Quantum Circuit Learning
A QCL circuit used in this study for the 3-variable classification is shown in Fig. 2. The \(U_{\text {in}}(\varvec{x})\) in QCL is characterized by the series of single-qubit rotation gates \(R_Y\) and \(R_Z\) [19]. The angles of the rotation gates are obtained from the input data \(\varvec{x}\) to be \(\sin ^{-1}(\varvec{x})\) and \(\cos ^{-1}(\varvec{x}^2)\), respectively. The input data are needed to be normalized within the range [\(-1\), 1] by scaling linearly using the maximum and minimum values of the input variables. The normalization is performed separately for the training and testing samples to avoid data beyond the [\(-1\), 1] range. In this case, the classification performance is slightly suboptimal for the testing sample. The effect is, however, checked to be small by comparing the performance with the case where the testing sample is normalized with the scaling derived from the training sample and clipped to [\(-1\), 1]. The \(U(\varvec{\theta })\) is constructed using a time-evolution gate, denoted as \(e^{-iHt}\), with the Hamiltonian H of an Ising model with random coefficients (for creating entanglement between qubits) and the series of \(R_X\), \(R_Z\) and \(R_X\) gates with angles as parameters. The nominal \(N_{\text {var}}^{\text {depth}}\) value is set to 3 after optimization studies. This results in 27 parameters in total for the 3-variable case. The structure for the 5- and 7-variable circuits is the same as the 3-variable case, leading to the total parameters of 45 and 63, respectively. The measurement is performed on the first two qubits using the Pauli-Z operators, and the outcome of the measurement is fed into the cost function via softmax. The cost function is defined using a cross-entropy function in scikit-learn package [21], and the minimization of the cost function is performed using COBYLA. See [19] for more details about the implementation.

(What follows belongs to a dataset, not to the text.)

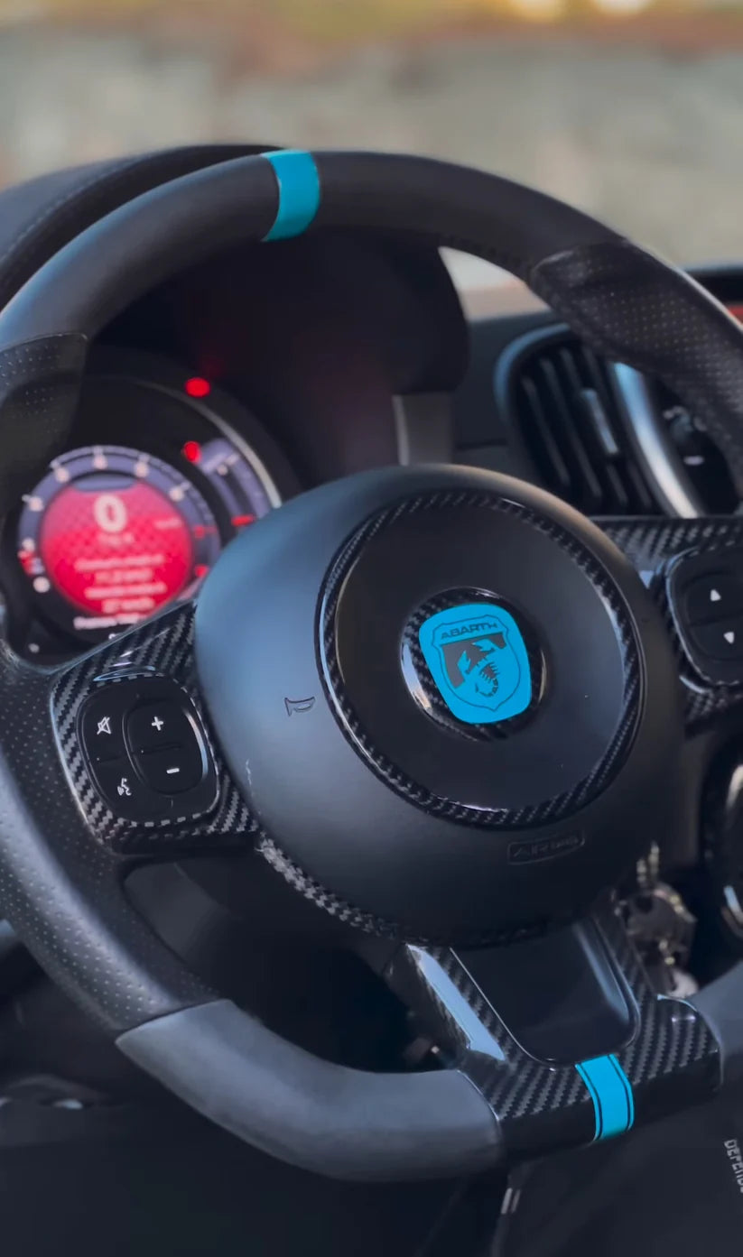Upgrade het interieur van je Abarth 500/595/695 met deze hoogwaardige carbon stuurwiel cover

Variational Quantum Classification
Figure 3 shows a VQC circuit for the 3-variable classification used in this study. The \(U_{\text {in}}(\varvec{x})\) consists of a set of Hadamard gates and rotation gates with angles from the input data \(\varvec{x}\) (the latter is represented as \(U_{\phi }(\varvec{x})\) in the figure). The \(U_{\phi }(\varvec{x})\) is composed of single-qubit rotation gates of the form \(U_{\phi _{\{k\}}}(\varvec{x})=\exp {(i\phi _{\{k\}}(\varvec{x})Z_k)}\), a diagonal phase gate with the linear function of \(\phi _{\{k\}}(\varvec{x})=x_k\). This is identical to the one used in Ref. [20] as the single-qubit gate (see Eq. (32) of the supplementary information of Ref. [20]), and is referred to as the“first-order expansion” (FOE). The \(U_{\phi }(\varvec{x})\) is not repeated in this study unless otherwise stated; thus, \(N_{\text {in}}^{\text {depth}} =1\). The \(U(\varvec{\theta })\) part of the circuit is also taken from that in [20] but simplified by not repeating a set of entangling gate (\(U_\text {ent}\)) and single-qubit rotation gates \(R_Y\) and \(R_Z\) (surrounded by the dashed box in Fig. 3). The \(U_\text {ent}\) is implemented using the Hadamard and CNOT gates, as in Fig. 3. The total number of \(\varvec{\theta }\) parameters is 12 (20, 28) for the 3 (5, 7)-variable classification. The measurement is performed on all the qubits using the Pauli Z operators, and the measured outcomes are fed into the cost function. The cost function for the VQC algorithm is a cross-entropy function and the minimization is performed using COBYLA as well.
Classical Approaches
The ML application to the classification of events has been widely attempted in HEP data analyses. Among others, a boosted decision tree (BDT) in the TMVA framework [22] is one of the most commonly used algorithms. A neural network (NN) is another class of multi-variate analysis methods, and an algorithm with a deep neural network (DNN) has been proven to be powerful for modelling complex multi-dimensional problems. We use BDT and DNN as benchmark tools for comparison with the performance of the variational quantum algorithms.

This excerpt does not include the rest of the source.